A atriz lembra que o processo de cura promovido pela arte faz parte de sua própria trajetória. “Fiz um trabalho na faculdade em que íamos para os hospitais com os Doutores da Alegria, na pediatria, e contávamos histórias para crianças enfermadas e seus familiares. Na semana seguinte em que voltávamos, a criança e as famílias estavam melhores. Levávamos músicas e poemas, e era como uma prescrição médica. Os Doutores da Alegria até prescreviam autores como Cecília Meireles; ler uma história; ou ouvir duas músicas para que eles melhorassem.

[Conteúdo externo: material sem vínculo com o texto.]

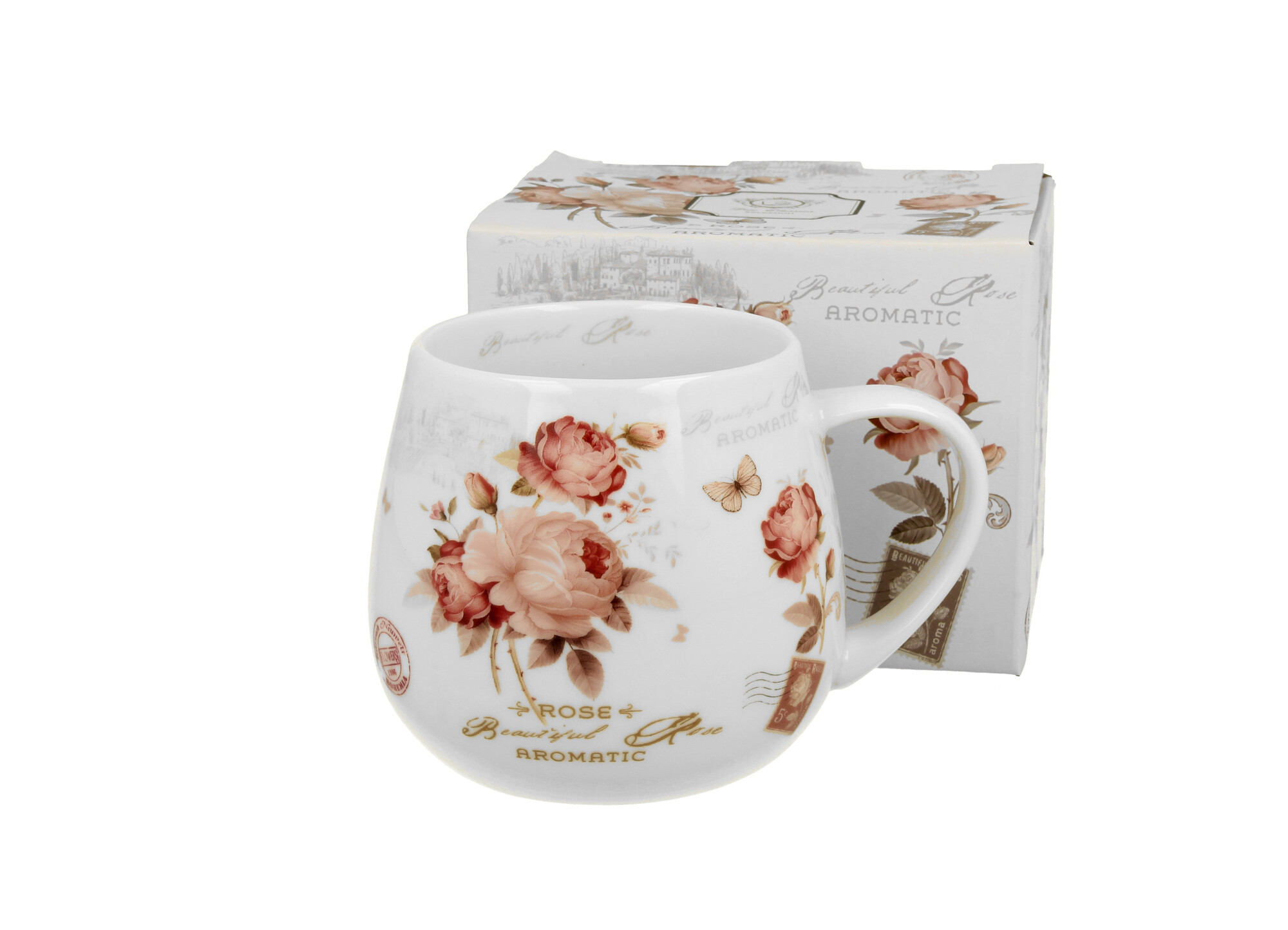 Kubek baryłka 430 ml Secesja wchodzący w skład serii Duo Classic, wykonany z porcelany New Bone China, charakteryzującej się elegancką i naturalną kremowo - białą barwą z delikatnym połyskiem, a także wyjątkową wytrzymałością. Linia zdobiona motywem różanych kwiatów oraz znaczków pocztowych. Ciepła i stonowana kolorystyka nadaje linii klasyki i elegancji.
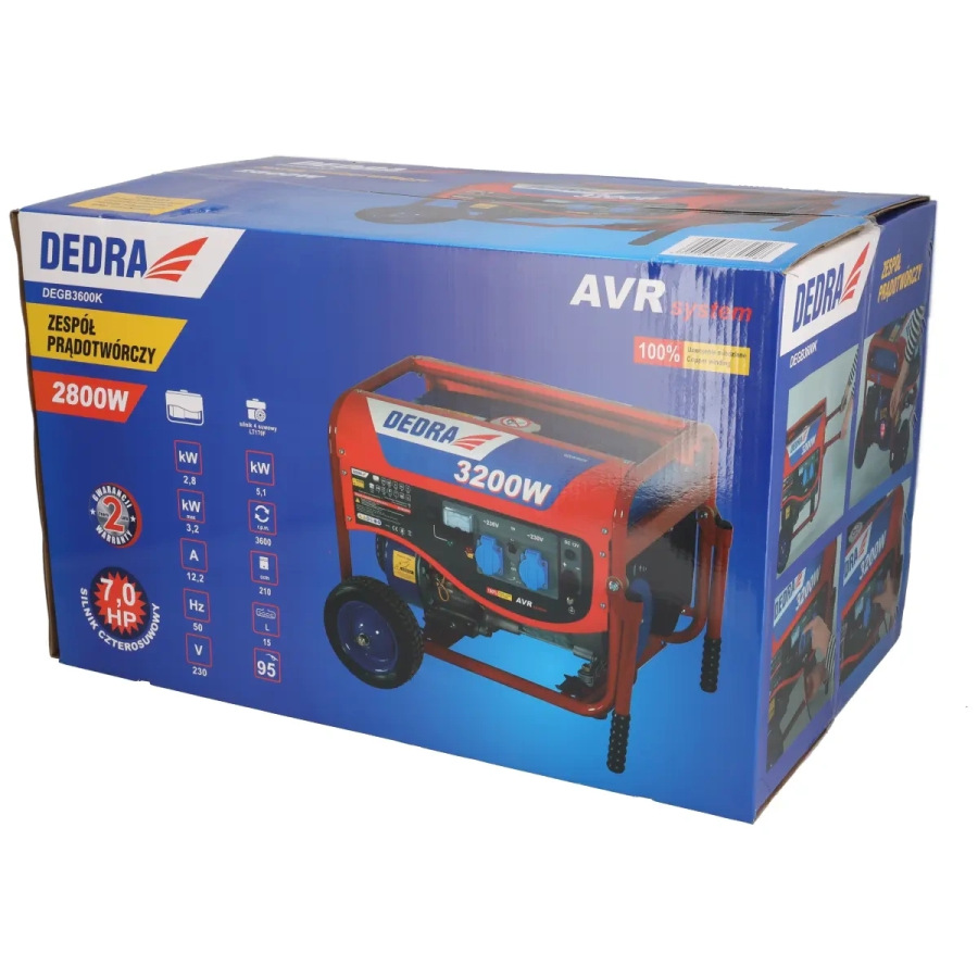 Maximálny výkon 3200 W, výkon pri stálej práci 2800 W, systém AVR udržujúci správne výstupné napätie, 2 zásuvky 230 V, 1 zásuvka 12 V, palivová nádrž 15 l, prepravné kolieska

Depois dessa experiência, entendi que toda vez que entro em cena, estou proporcionando essa cura para mim e para as pessoas com quem estou entrando em contato.”
Quando as cortinas se fecham
Ao contrário do que muitos acreditam à primeira vista, o trabalho de Ana Claudia não a torna insensível a partidas. Na verdade, como a própria doutora defende, ela sente – e sente muito. É intensa em suas relações, mas se recusa a ver a morte como um fracasso, uma negação a vida. Vê nela a vida em seu ato final. Entende que se dispor a viver é, em suma, se dispor a um dia partir.
“Lido com a finitude da forma como ensino: cuido das pessoas e as ensino o que exatamente significam os fins. Não é uma coisa leve e também não é uma coisa alegre, mas para mim é muito fluido. Embora seja uma correnteza avassaladora, eu sei mergulhar. Ainda dá tempo de fazer mergulhos profundos e falar sobre isso.”
Ela explica que é preciso ressignificar nossa relação com a morte, entendendo ela como um lugar de respeito, mas que sempre contará, também, com uma parcela de sofrimento.
“Eu sou uma pessoa gravemente viva, gravemente feliz e gravemente humana também. É isso: vou morrer. É um preço que está barato perto da vida que eu tenho.”
E, apesar de ter os pés no chão ao refletir sobre a morte, não reconhece ela como sua última aventura. “Existe vida depois da morte, é óbvio. Porque tenho certeza que o mundo não vai acabar no dia seguinte à minha partida. E sei que o sol vai nascer depois que eu morrer”.
Após acumular experiência em várias religiões, Cannavale tem ideias distintas quanto ao seu pós-morte. Mas, não está em busca de certezas. Quer aproveitar o mistério no presente. “Não estou muito preocupada com o que vai acontecer quando eu morrer. Estou mais preocupada em viver, fazer conexões potentes, transformar minimamente o que eu puder ao meu redor para uma evolução e para me aperfeiçoar enquanto ser humano, para ter mais sabedoria, para olhar às coisas ao meu redor, e para estar viva”, defende.
“Estou preocupada com minha arte, com o que eu escolhi fazer da vida, com tocar o coração das pessoas. Quero viver bem e aproveitar cada instante ao lado das pessoas que amo e que me acrescentam – e que eu possa acrescentar a elas também.”
A médica diz que o contato com pacientes paliativos, suas reflexões a respeito da morte e o reconhecimento do potencial vital da arte a mudaram para sempre: “Quando você enxerga a vida diferente, você se vê diferente”. E conclui: “Esse é o efeito colateral do História Lindas de Morrer: talvez passe a viver uma vida linda de viver”.